Despite the consistent progress toward legalization and increasing accessibility at the state level, cannabis companies and valuations have faltered. AdvisorShares Pure US Cannabis ETF- MSOS is down 80% since February 2021. The fund’s largest holding, Green Thumb Industries, is nearing five-year lows. The graph below shows that Price to Sales multiples for the industry is back to the lowest level in at least four years. With valuations relatively cheap and the rising odds for strong growth, Cannabis stocks may be a sector worth following.

cannabis valautions

Who’s Buying and Who’s Selling?

The media often claims that either sellers or buyers drove the market’s direction. The truth is that every time a stock trades, there is a buyer and seller. By understanding that simple fact, we can gain an edge by distinguishing what type of investors are buying or selling.

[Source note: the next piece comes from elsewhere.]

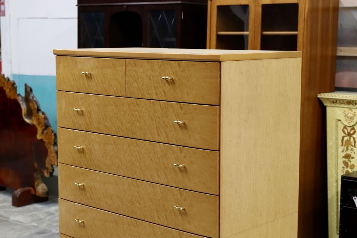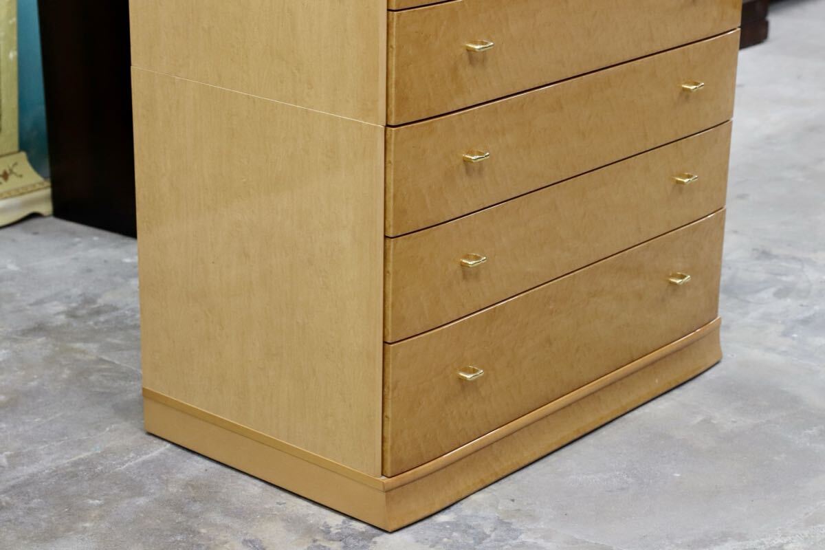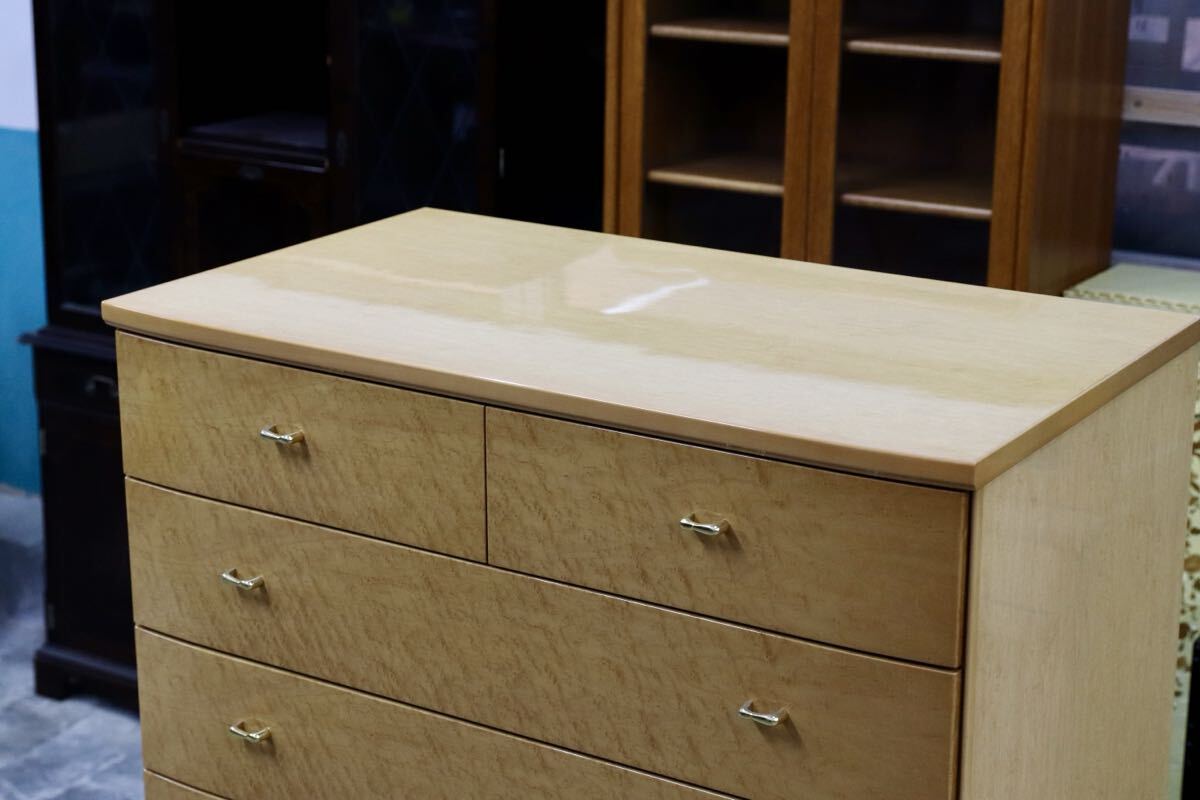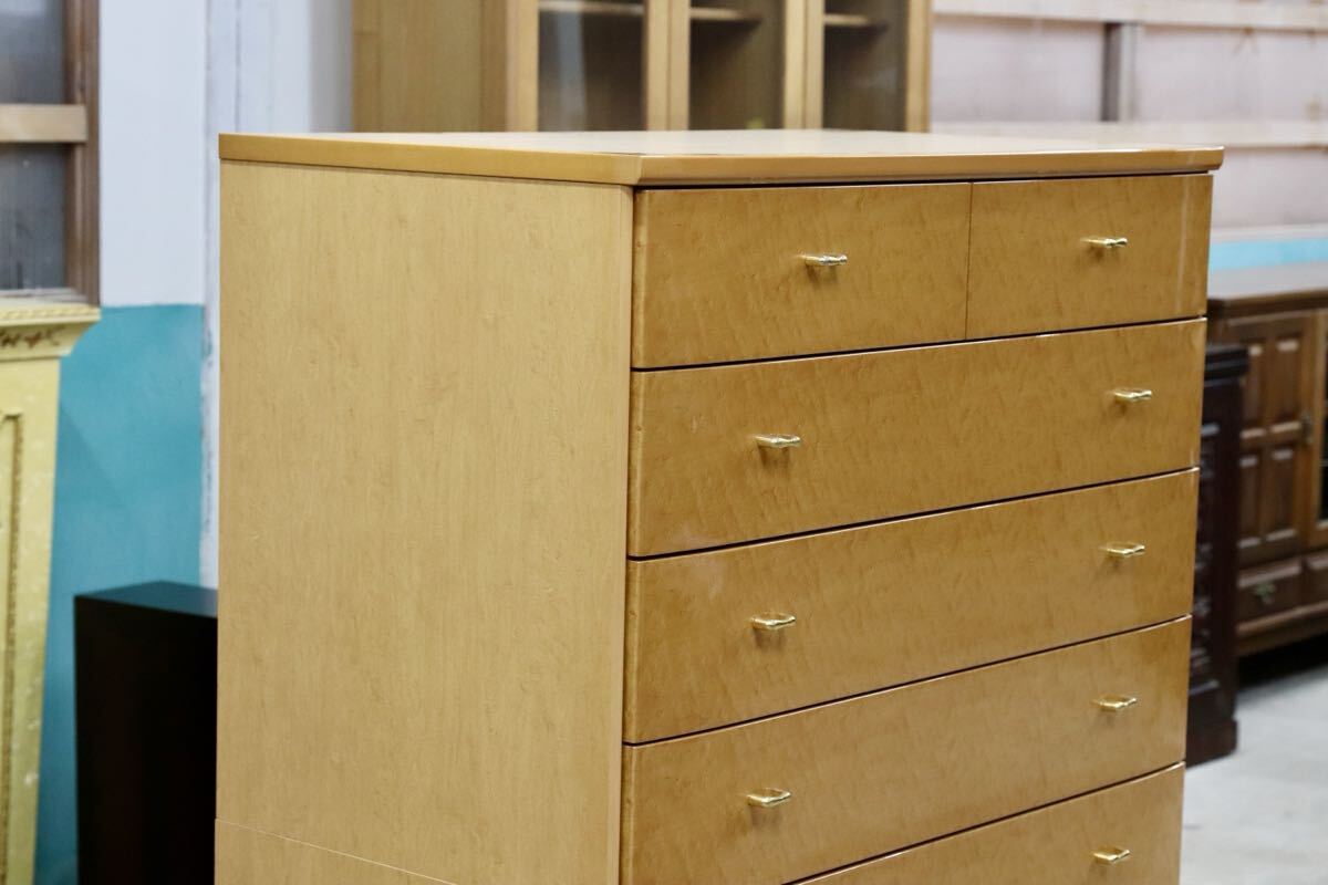 バーズアイメープルはハードメープルの中にごく稀に発生するもので、表面近くの1/5のみでしかとれない大変貴重な材で、丸い玉のような模様が連なったり、渦巻状になって現われる杢目で、鳥の目に似た模様が集まっているところから“鳥目杢”(とりめもく)と呼ばれています。神秘的な木目と衝撃に強く割れにくい性質から高級家具や高級車の内装材として使用されています。

It is often said retail investors are dumb money and institutional and hedge funds are smart money. The table below from AEI argues otherwise. Per AEI- “The S&P 500 Index Out-performed Hedge Funds over the Last 10 Years. And It Wasn’t Even Close!” Given the significant popularity of passive investment strategies that buy the major indexes, it’s fair to say a good number of retail accounts and 401ks have beaten hedge funds over the last decade.

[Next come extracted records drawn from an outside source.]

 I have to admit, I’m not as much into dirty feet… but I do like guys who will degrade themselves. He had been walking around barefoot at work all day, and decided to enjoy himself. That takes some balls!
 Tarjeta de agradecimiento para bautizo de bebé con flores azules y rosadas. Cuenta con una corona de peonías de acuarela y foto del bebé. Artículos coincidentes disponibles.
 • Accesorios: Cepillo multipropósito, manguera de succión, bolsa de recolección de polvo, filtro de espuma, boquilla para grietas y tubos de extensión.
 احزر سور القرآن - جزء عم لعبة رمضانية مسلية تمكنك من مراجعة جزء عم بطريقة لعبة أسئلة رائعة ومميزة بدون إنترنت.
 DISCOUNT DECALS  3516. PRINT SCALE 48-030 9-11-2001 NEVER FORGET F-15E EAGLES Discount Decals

The second graph highlights how retail and hedge fund investors are currently positioning themselves. As it shows, retail investors (private clients) have been buying throughout the year. Right now, they do not seem very smart. Our concern is that the traditional “smart money,” the hedge funds, which have been aggressively selling, are correct. That said, hedge funds have been buying recently, which may be a good sign if it continues. If retail becomes net sellers in 2023 and hedge funds large buyers, we may see active investment strategies beat out passive ones. Such would prove worrisome for the FAANG stocks and other mega-cap stocks. Small and mid caps, which are not well represented in passive funds, may outperform in such an environment.